Deana laughed, then pulled a bundle of magazines from her purse: Vogue, Glamour, Entertainment Weekly, and the like, dated castoffs from the beauty parlor where she worked.
Colleen started thumbing a copy of Us Weekly and pointed to a spread of starlets on a red carpet. "She's hot."
"Damn straight. Check those legs," Deana said. "But lord, that's an ugly dress."
"Valentino, though," Colleen countered.
"Valentin-No is more like it. That outfit's a felony."
They continued like this over corn salad and sun tea, with Colleen dog-earing any image that made her feel jealous, or inspired, or depressed. Half an hour or so later, an alarm chimed on Deana's phone.
"That's the bell, kid," she said. "Gotta go."
Colleen ignored her and flipped another page.
"I realize that moodiness comes with the hormones," Deana said. "But if I wanted an hour full of mope, I'd go see my husband!"
Colleen glanced up. "You promised it'd get better."
"I still do.

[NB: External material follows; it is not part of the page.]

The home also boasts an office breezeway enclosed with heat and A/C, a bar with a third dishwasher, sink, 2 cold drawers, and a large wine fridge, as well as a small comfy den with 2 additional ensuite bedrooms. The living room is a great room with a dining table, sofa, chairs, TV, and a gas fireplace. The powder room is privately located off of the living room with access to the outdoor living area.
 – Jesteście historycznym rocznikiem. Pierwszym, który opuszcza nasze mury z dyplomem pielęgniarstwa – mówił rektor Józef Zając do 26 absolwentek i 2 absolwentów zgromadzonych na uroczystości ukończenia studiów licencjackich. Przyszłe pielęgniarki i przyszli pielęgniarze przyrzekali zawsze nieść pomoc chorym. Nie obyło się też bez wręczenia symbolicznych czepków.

You're just feelin' cagey." Deana rapped on the table, then stood up. "As soon as those babies get here, it'll be like your heart's outside your body. Exposed. Alive. Devastated by love. You won't have another want on the planet."
"Right," Colleen said.
Deana helped Colleen to her feet, then beckoned a goodbye hug. Breasts and bellies, their breathing syncopated, things got woozy and still, and safe. Deana ran her chin against Colleen's neck, taking in the scent of that cocoa butter lotion. As their fingers flared on each other's backs, the kitchen fell silent enough to broadcast Colleen's swallow.